Linux: Linux maruchan 4.10.0-20-generic #22-Ubuntu SMP Thu Apr 20 09:22:42 UTC 2017 x86_64 x86_64 x86_64 GNU/Linux

Expected Behavior

Performance on the benchmark below consistently regresses when running JRuby with -Xcompile.invokedynamic=true.

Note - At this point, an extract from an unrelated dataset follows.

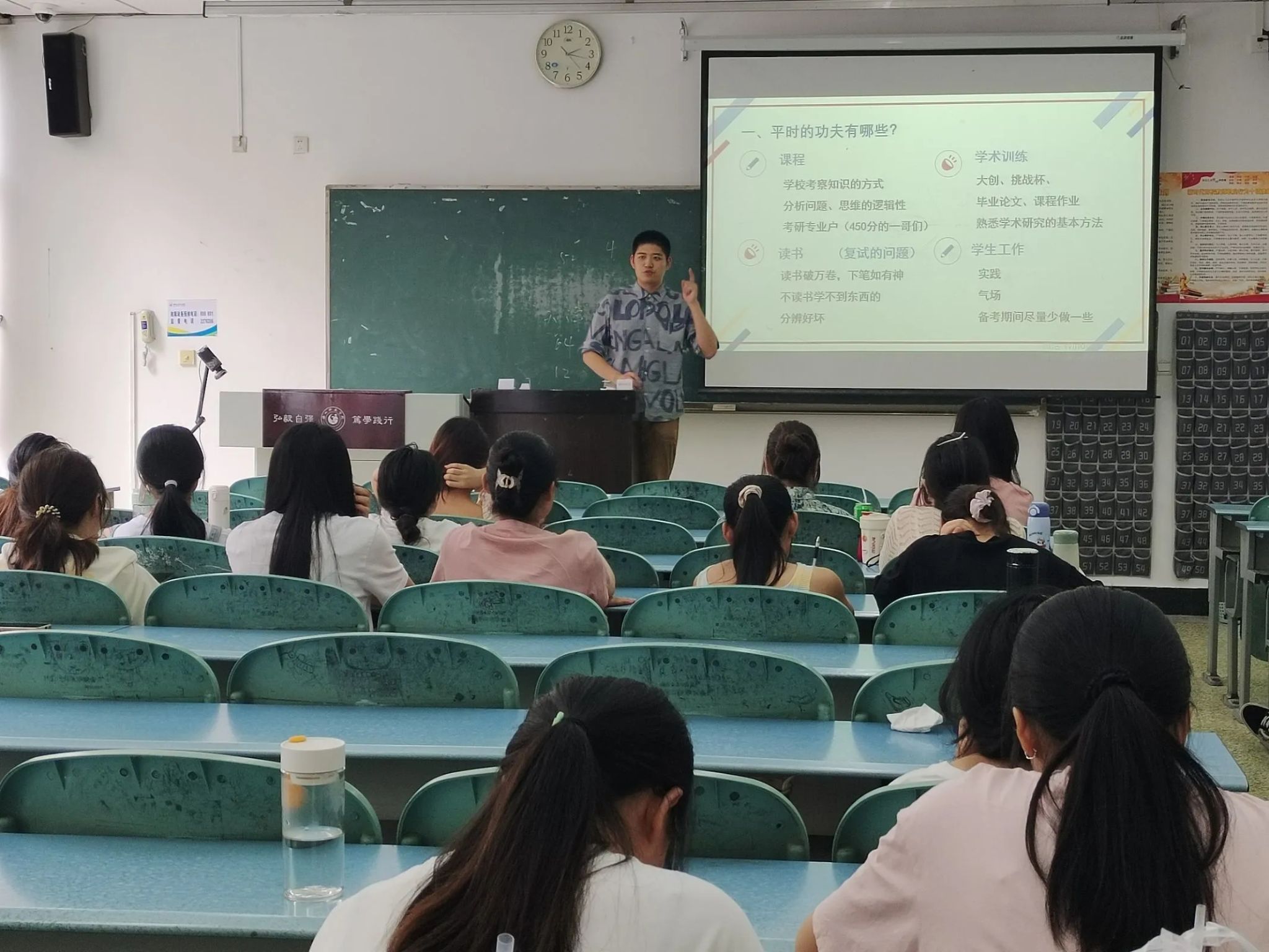 本网讯(文/杨兵 图/郑佳俊)为鼓励和动员2020级、2021级学生考研,给与更多的同学考研指导和帮助,学院邀请19级考研上岸的潘瑞、苏林凤、李欢欢、吴绍海、翟羽佳等同学在行知楼108、109、112教室分别为行政管理、法学、社会工作专业的学生分享自己的备考方法与考研经验,20级、21级有意向考研的学生积极参与。

I was under the impression that after warmup, running JRuby with invokedynamic should never be slower than without it, but that does not seem to be the case on this benchmark.

require 'benchmark/ips'

require 'oat'
require 'oat/adapters/hal'

class Foo
  attr_reader :foo, :bar, :baz

  def initialize(**values)
    values.each do |(key, value)|
      respond_to?(key) ? instance_variable_set(:"@#{key}", value) : raise
    end
  end
end

class FooSerializer < Oat::Serializer
  adapter Oat::Adapters::HAL

  schema do
    property :foo, item.foo
    property :bar, item.bar
    property :baz, item.baz
  end
end

puts "Running with #{RUBY_DESCRIPTION} (JRUBY_OPTS: #{ENV['JRUBY_OPTS']})"

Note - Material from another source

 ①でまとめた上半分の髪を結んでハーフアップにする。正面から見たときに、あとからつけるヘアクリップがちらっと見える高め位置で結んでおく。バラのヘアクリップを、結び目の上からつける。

FOO = Foo.new(foo: 1, bar: 2, baz: 'baz')

Benchmark.ips do |benchmark|
  benchmark.time = 120
  benchmark.warmup = 120

  benchmark.report('FooSerializer') { FooSerializer.new(FOO).to_hash }

  benchmark.compare!
end

Actual Behavior

  • Without invokedynamic: FooSerializer 251.627k (±23.9%) i/s - 28.264M in 120.011879s
  • With invokedynamic: FooSerializer 33.785k (± 6.9%) i/s - 4.032M in 120.030513s

I've also tested with latest master and while the numbers go up slightly in either case, the general relation between the two results keeps the same.